Single Moms We Answer All Your Questions About Raising a Bi-Racial Child

By Melissa Chapman

If you’re a single mom raising a bi-racial child you’re likely intent on incorporating the traditions and practices of each part of your child’s race into her life.Well single moms Tina B. Tessina, PhD is here to answer all your questions about just how to accomplish your goals and…the news is good!

SMM: If you’re lucky enough to have support from your child’s father, what are some ways the two of you can work together to make sure your child feels comfortable expressing all aspects of their race?

Dr. Tina: Hopefully, you and your child’s father have incorporated practices from each culture into your lives, and your child is spending quality time with both sides of your families, sharing in their celebrations. Culture is largely about attitudes, religion, customs and food.

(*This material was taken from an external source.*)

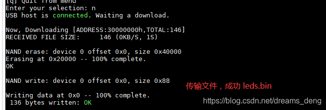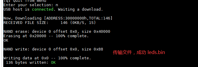 usb device 使用, 烧写 leds.bin 到 Nand Flash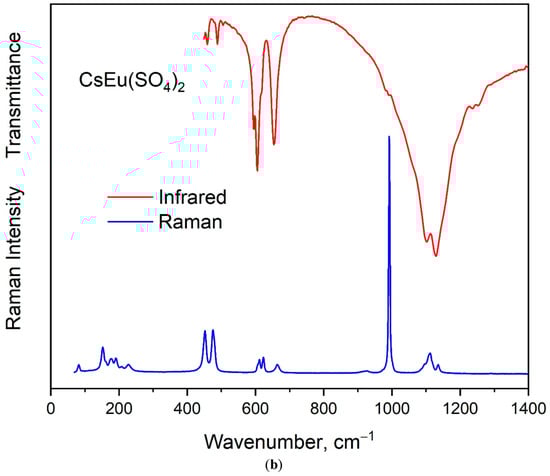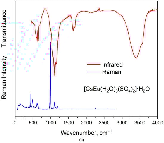 Denisenko, Y.G.; Molokeev, M.S.; Oreshonkov, A.S.; Krylov, A.S.; Aleksandrovsky, A.S.; Azarapin, N.O.; Andreev, O.V.; Razumkova, I.A.; Atuchin, V.V. Crystal Structure, Vibrational, Spectroscopic and Thermochemical Properties of Double Sulfate Crystalline Hydrate [CsEu(H2O)3(SO4)2]·H2O and Its Thermal Dehydration Product CsEu(SO4)2. Crystals 2021, 11, 1027. https://doi.org/10.3390/cryst11091027

If you step back emotionally,and take a look at the aspects of both cultures you’ll be able to choose which aspects to blend into your own blended family.

SMM: If you and the baby’s father are not on good terms, and you are left with providing for your child’s mental and physical well-being- what can you do to make sure that your child has good role models, and an understanding of his father’s race?

Dr. Tina: Even if you and your child’s father are not on good terms, connect with his family if you can, and participate in their celebrations.If not, then connect with others of the same ethnicity and culture. If you’re not connected with your child’s father, then you need to find some males (not ones you’re dating) who can be good role models. Often, uncles can be more upright than their brother, and hopefully there will be a grandfather or other family man who will step up.

If not, then find role models in other groups who are of that culture, and get acquainted with them as early as possible, so your child can grow up surrounded by both cultures. You can take your child to a church, mosque or synagogue of dad’s culture and meet upstanding men there who will serve.

SMM: What can you do to counteract the teasing and negative comments your child may encounter from ignorant people? What can you do to imbue your child with a healthy self image and help him embrace his biracial identity?

Dr. Tina: Teach your child that any kind of inappropriate teasing or remarks, from anyone, represents ignorance on the part of the teaser. Children begin with a healthy self-image. Just deal with any damage done as it happens. If you see your child is upset, take time to find out why, and if it’s racially related, talk to him or her about tolerance and respect, and how some people just don’t understand, and they’re wrong. You are already showing your child the positive aspects of the culture, and your child already has positive role models, right? If a very hurtful situation arises, ask a wise person of the other ethnicity to help you explain how it works.

SMM: Are there any organizations or concrete activities you would suggest single mothers take their bi-racial kids to?

Dr. Tina: Absolutely. The internet has many meet-ups of mixed ethnic parents, there are cultural organizations in most communities, and churches and families are always good resources. Keep your child’s interests in mind, and don’t be too proud to consult the father’s family church or synagogue.